Quando completei 15 anos, fui trabalhar na loja dele, onde aprendi um pouquinho de árabe, que depois esqueci. - Pixabay
Lé...Turco não toca pros outros dançar. Turco dança enquanto os outros tocam...

Sempre que ouço falar do pão-durismo dos “turcos”, eu me lembro do seu Miguel, que não tinha nada de pão-duro. Ele não era turco, era libanês. Pra começar, lembro que no início do século XX, vieram para o Brasil muitos libaneses, sírios e outros povos do Oriente Médio para o Brasil, e como toda aquela região era dominada pela Turquia, eles tinham passaporte turco, por isso eram chamados de turcos.

Muitos não gostavam, mas tinham que se acostumar. O Miguel Turco, que como eu disse era libanês, não ligava. Quando completei 15 anos, fui trabalhar na loja dele, onde aprendi um pouquinho de árabe, que depois esqueci. Eu gostava de ver quando algum pobre ia comprar qualquer coisa. O sujeito perguntava o preço, o seu Miguel olhava a etiqueta e falava quanto era. Por trás, eu reparava que o preço que ele dava era o de custo, que vinha marcado em árabe. E nem mesmo acrescentava ao custo os impostos e a despesa com transporte.
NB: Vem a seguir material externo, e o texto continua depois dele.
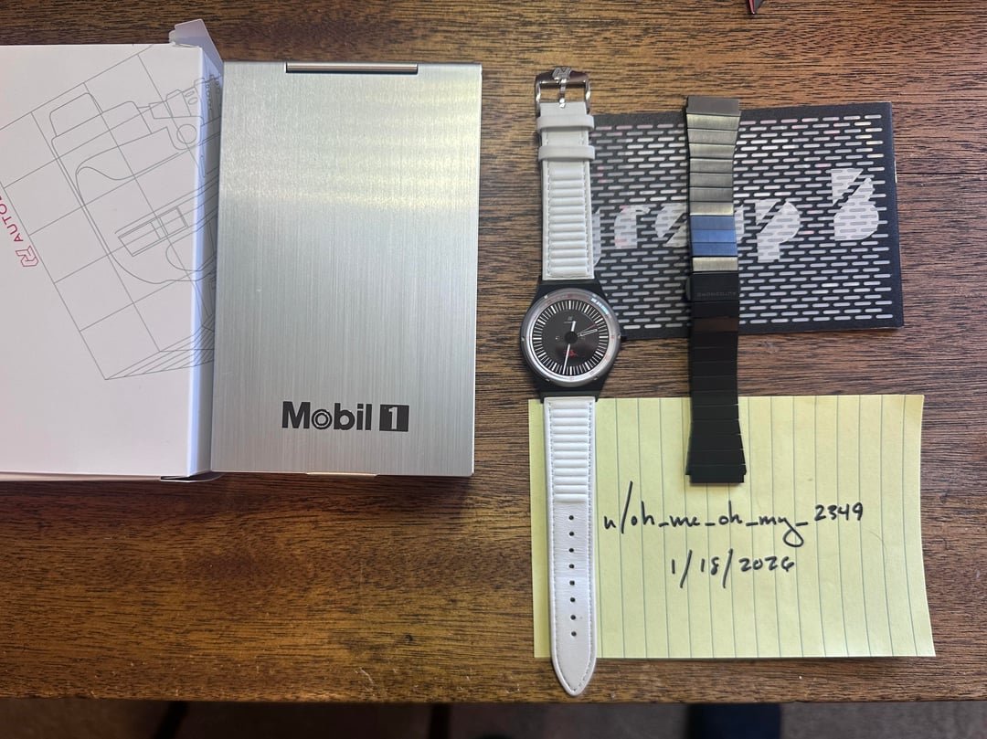Selling my like new Autodromo Group B Mobil 1 edition. This was a spontaneous purchase at the end of 2025 and I was so excited for it! I love the companies design aesthetic and I was not disappointed. Killer watch but it feels a little technical for my aesthetic. The bracelet is sized but barely worn. Included this white leather Autodromo band (so fresh). Complete kit. Asking $11:50 shipped in CONUS. Not trying to flip, just trusting my heart. Open to trades. I’m a fan of Oris and Autodromo. Also, saving up for Grand Seiko SbGW231.

Não se exibia, não transformava essa ação em “caridade”, não humilhava o sujeito que não podia pagar os preços normais de uma roupa, por exemplo. Nunca ficou rico. Mas foi um homem feliz, todo mundo gostava dele.Um filho do seu Miguel, o Zé Turquinho, era igual a ele, generoso, não ligava para dinheiro. E tinha algo mais: era chegado à vida boêmia e a tudo relacionado a ela, como a música e as farras.

O Zé Turquinho se casou com uma das minhas irmãs. Um tio dele, seu Calixto, o convenceu a deixar Nova Resende e ir para o Triângulo Mineiro, que crescia muito enquanto o sul de Minas estava em plena decadência, na década de 1960.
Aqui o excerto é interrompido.